A lição do papeleiro


Por PERCIVAL PUGGINA, ARQUITETO, EMPRESÁRIO E ESCRITOR

31/07/2016 às 07h00

A Rua Salvador França, em Porto Alegre, forma uma rampa acentuada ao se aproximar da Avenida Protásio Alves. Há poucos dias, em hora de tráfego intenso, eu andava por ali, lomba acima. A lentidão do trânsito evidenciava haver, adiante, algum obstáculo na pista. De fato, pouco além, avistei um carrinho de papeleiro, muito carregado e com volumosos excessos laterais. A carga era tão desproporcional que me interessei em ver como se fazia a tração de todo aquele peso. Um cavalo? Dois homens? Não. Era um homem só, e bem magro. Puxava sua carga caminhando de costas, fazendo o maior uso possível do próprio peso, jogando-se para trás.

Ao ultrapassá-lo, senti vontade de parar, descer e expressar àquele ser humano meu reconhecimento ao valor moral que transmitia. Mas seria impraticável em meio ao tráfego. Decidi que o faria aqui, narrando o fato e traduzindo em palavras a silenciosa lição que proporcionava.

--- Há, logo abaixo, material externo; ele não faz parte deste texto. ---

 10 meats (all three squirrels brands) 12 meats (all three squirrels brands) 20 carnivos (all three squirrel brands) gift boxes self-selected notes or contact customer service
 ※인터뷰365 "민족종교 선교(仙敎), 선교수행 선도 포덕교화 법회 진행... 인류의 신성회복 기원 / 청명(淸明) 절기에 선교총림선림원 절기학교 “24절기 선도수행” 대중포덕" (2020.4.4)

A mesa do papeleiro é pobre e pouca. Há frestas em sua insalubre moradia. Agasalho escasso, extenuante o trabalho. Não conhece férias e não recebe hora extra. Bem perto de onde mora está o traficante com dinheiro no bolso e correntes de ouro no pescoço. Se é de justiça tratar desigualmente os desiguais, a tolerância e a indulgência, em nome da luta de classes, para com os crimes praticados por indivíduos supostamente pobres são uma ofensa ao papeleiro da Salvador França. Todo modo de ver a lei penal como lei do “opressor” contra o “oprimido”, todo garantismo que assumidamente desprotege a sociedade são ofensivos ao seu trabalho honesto.

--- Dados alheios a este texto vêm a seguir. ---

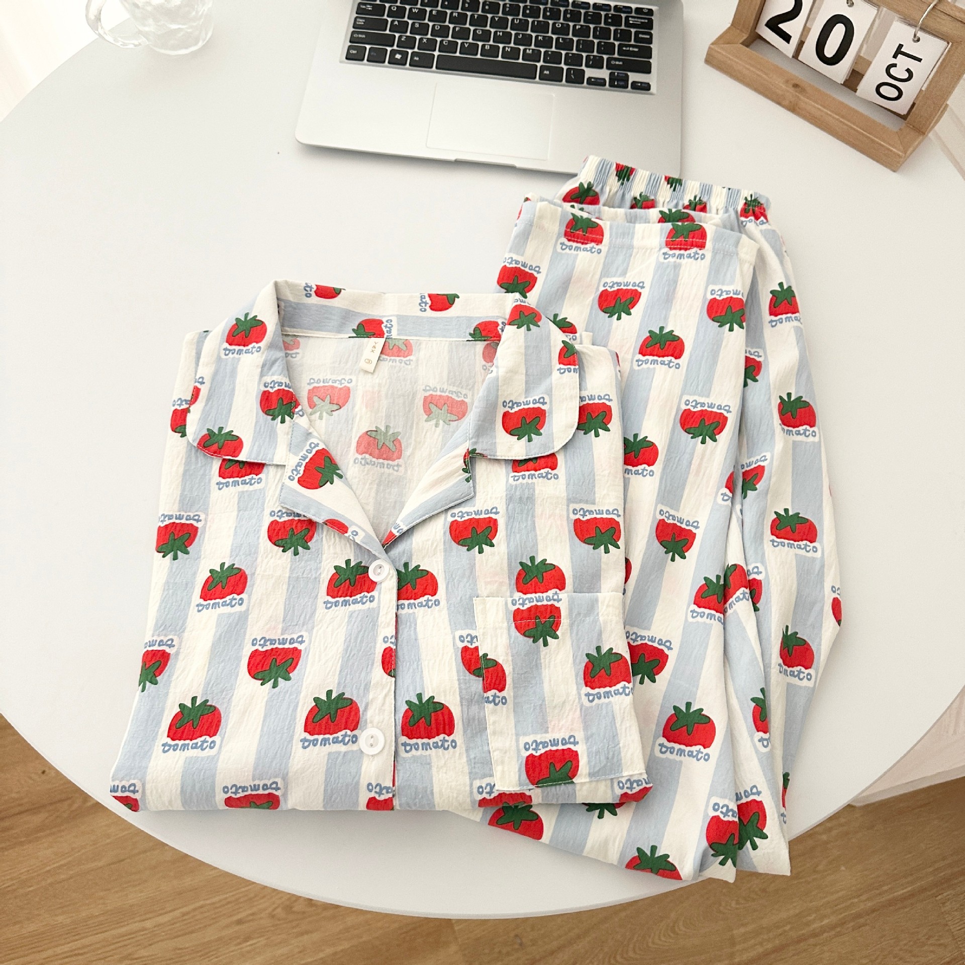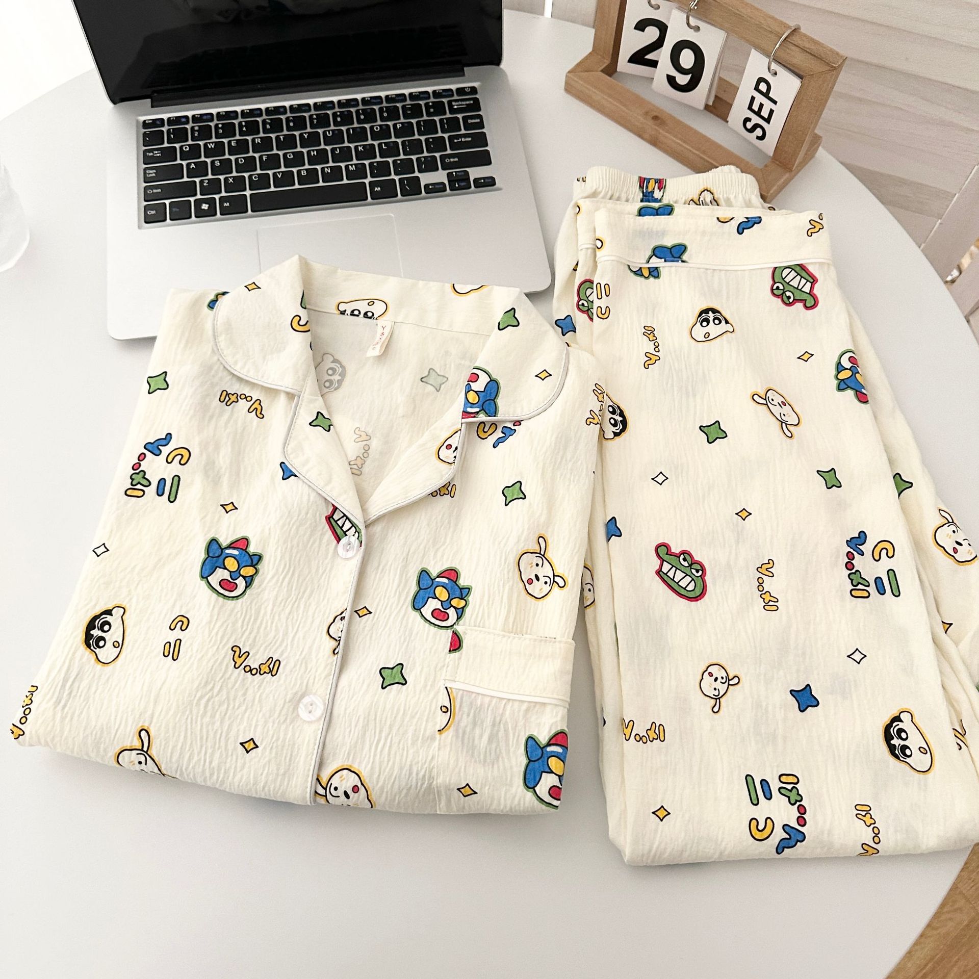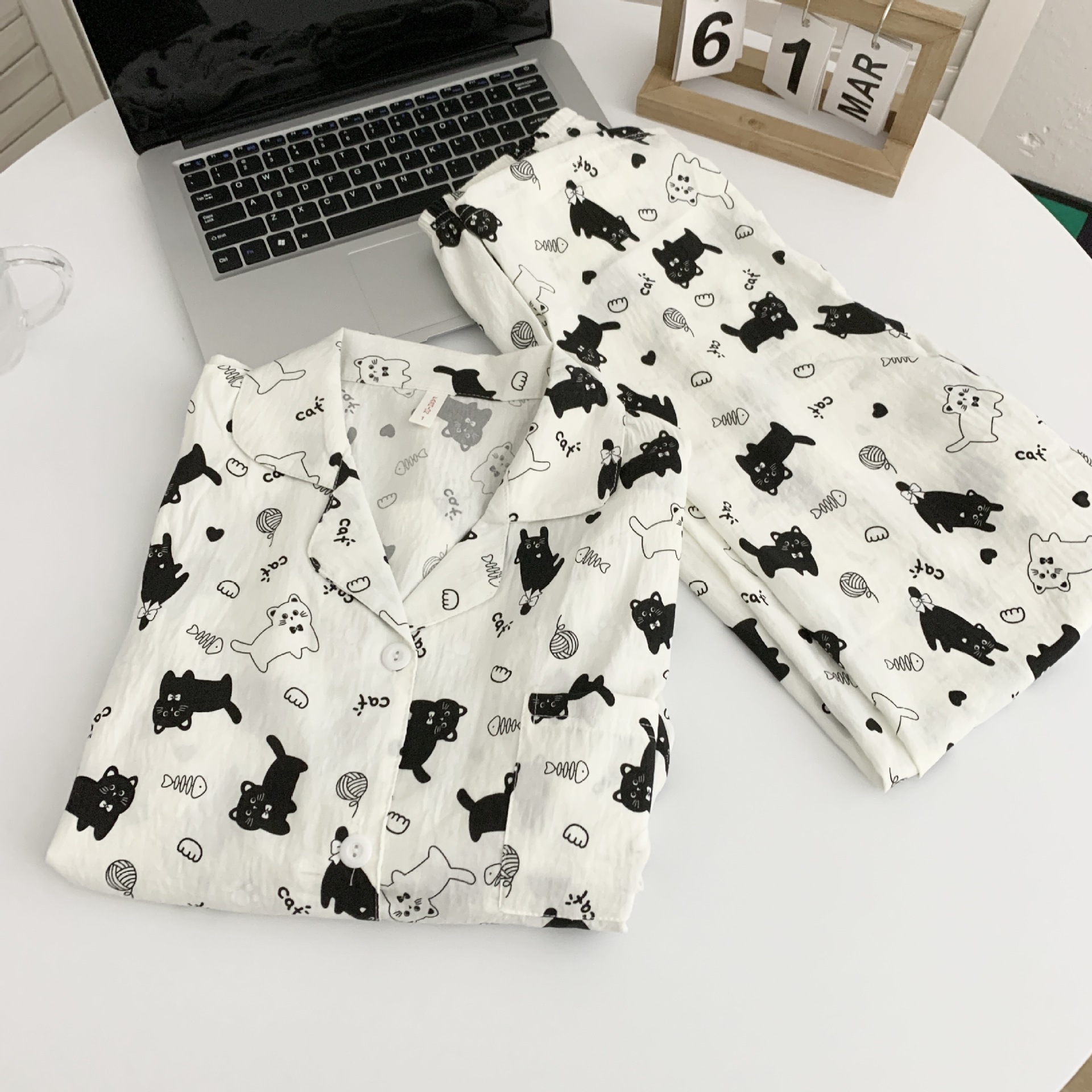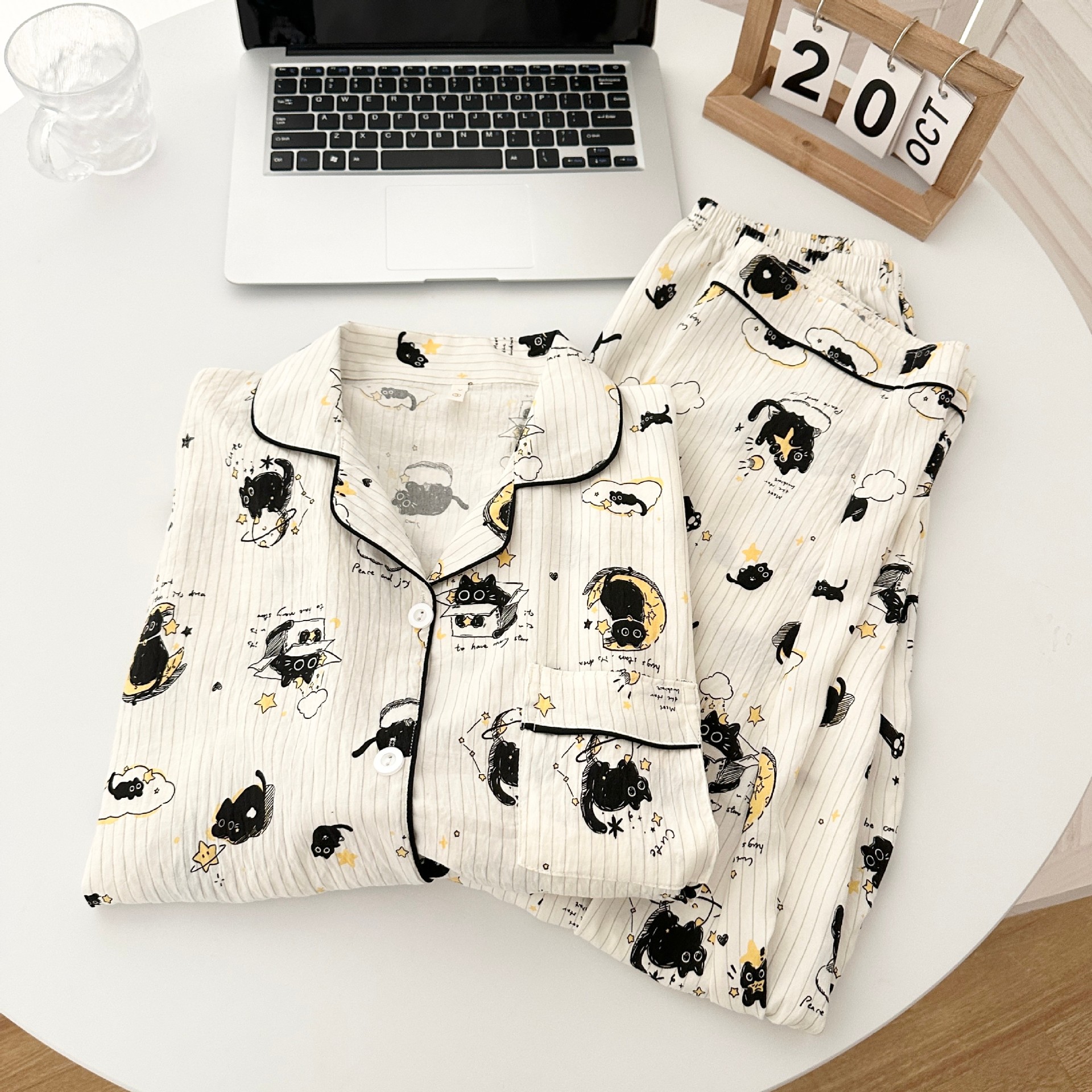 일본식 강아지 잠옷 여성의 봄과 가을 구름 면 긴팔 바지 귀여운 학생의 격자 무늬 외장스토어 가기

Assumindo como ganha-pão uma tarefa de tração animal, ele ensina o quanto a vida, mesmo comprometida diariamente com penosa rotina, pode ser dura sem deixar de ser humana e digna. Enquanto, naquele dia, arrastava sua carga ladeira acima, o papeleiro esbofeteava, sem saber, a face de cada corrupto e de cada corruptor. Ensinava a quantos fazem e aplicam a lei que a pobreza a merecer proteção social e institucional é a pobreza do homem bom, nunca – nunca! – por si mesma, a pobreza do malfeitor, do traficante, do ladrão, do homicida, do estuprador (que até estes voltam rapidamente às ruas!). Degenerado é degenerado, criminoso é criminoso, independentemente do extrato de renda. O lugar de quem vive do crime é a cadeia, senhores.

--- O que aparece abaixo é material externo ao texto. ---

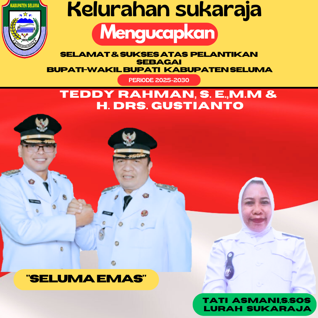 Atas nama seluru Asn Kelurahan Sukaraja mengucapakan selamat atas pelantikan Bapak Teddy Rahman,S.e.,M.m dan Bapak H.Drs.Gustinto sebagai Bupati- Wakil Bupati Kabupaten Seluma periode 2025-2030.
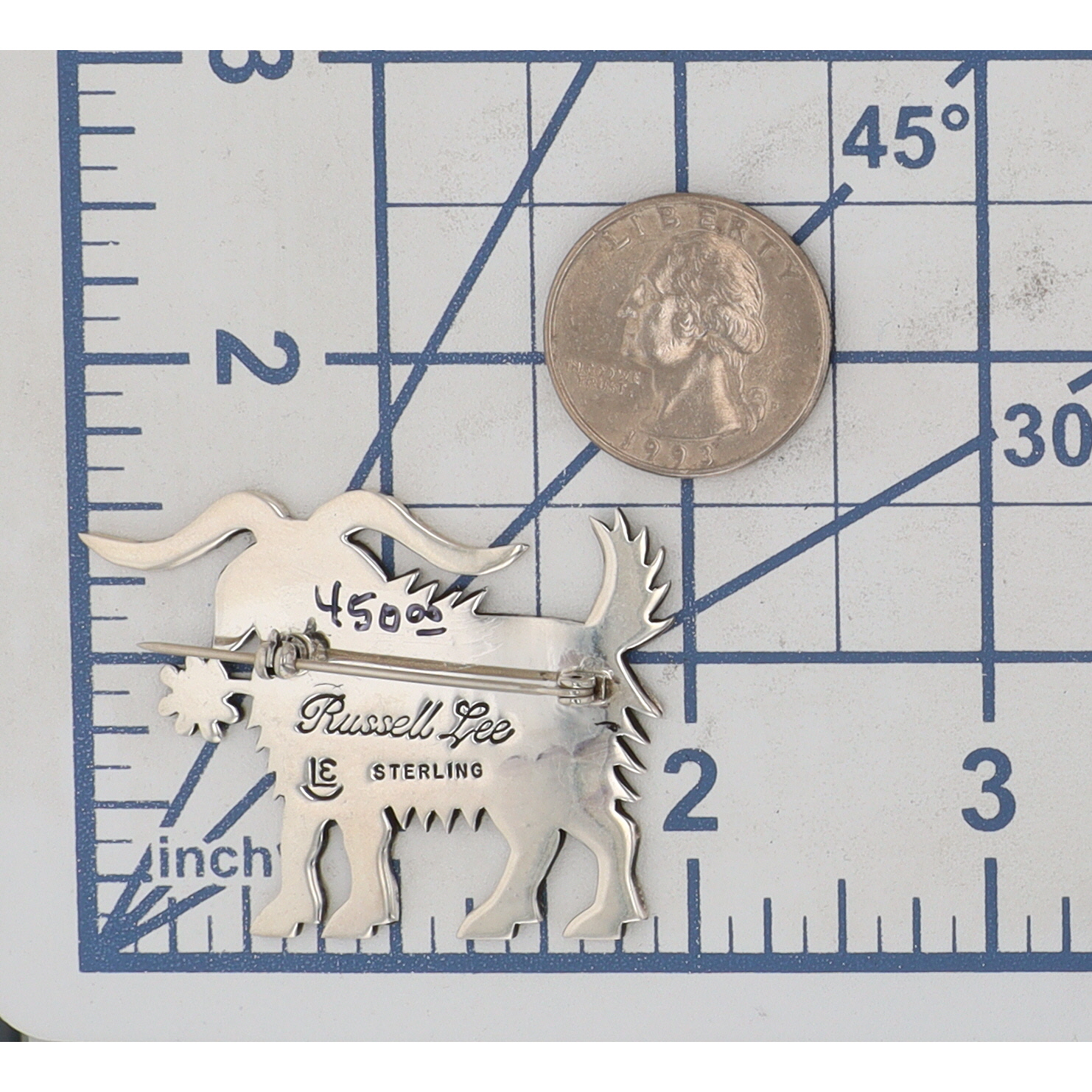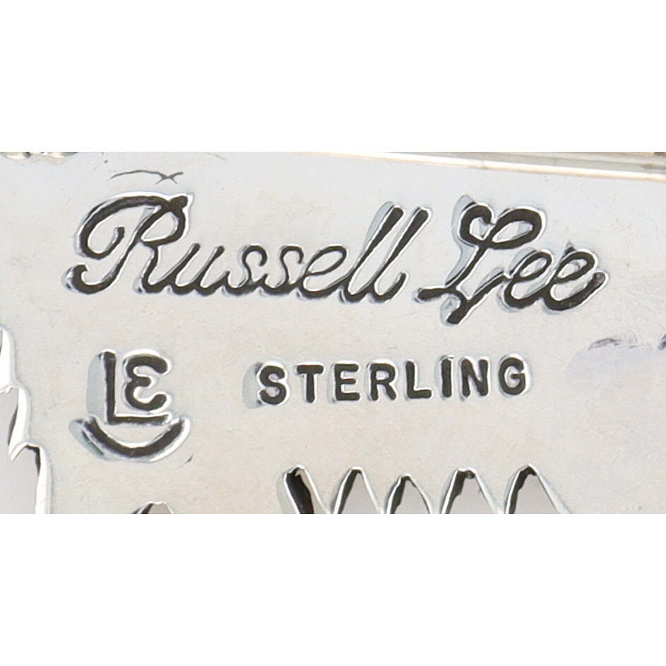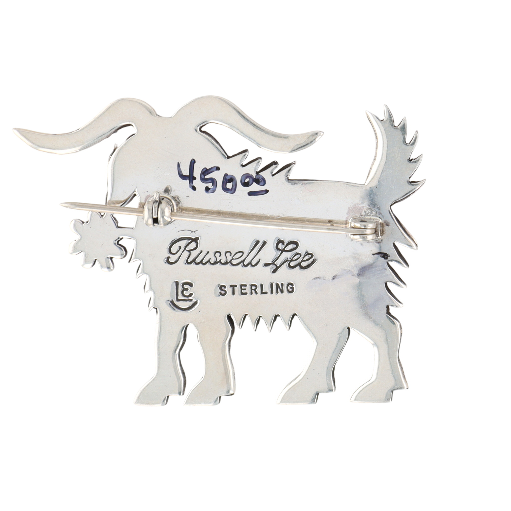 A silver goat-shaped brooch, inscribed “Russell Lee” and “STERLING” with an “LE” maker’s mark, weighing 13g and measuring approximately 2.5 inches wide.

Por isso, falando em nome de muitos, de poucos ou apenas no meu próprio, gostaria de conhecer a natureza do delito que certos homens da lei nos imputam, leitor. Ao dar liberdade a quem tem que estar preso, esses falsos justiceiros condenam todos os demais à insegurança e à restrição da liberdade. Escrevam o que pensam, senhores! Sustentem suas teses marxistas abertamente nos jornais! Venham à luz do dia com suas doutrinas! Não se escondam nas páginas dos processos, nas dissertações acadêmicas e nos conciliábulos dos que pensam igual! Afinal, desarmados pelas exigências que cercam a posse de qualquer arma, agora estamos encarcerados por grades de proteção e temos as mãos contidas pelas algemas da impotência cívica.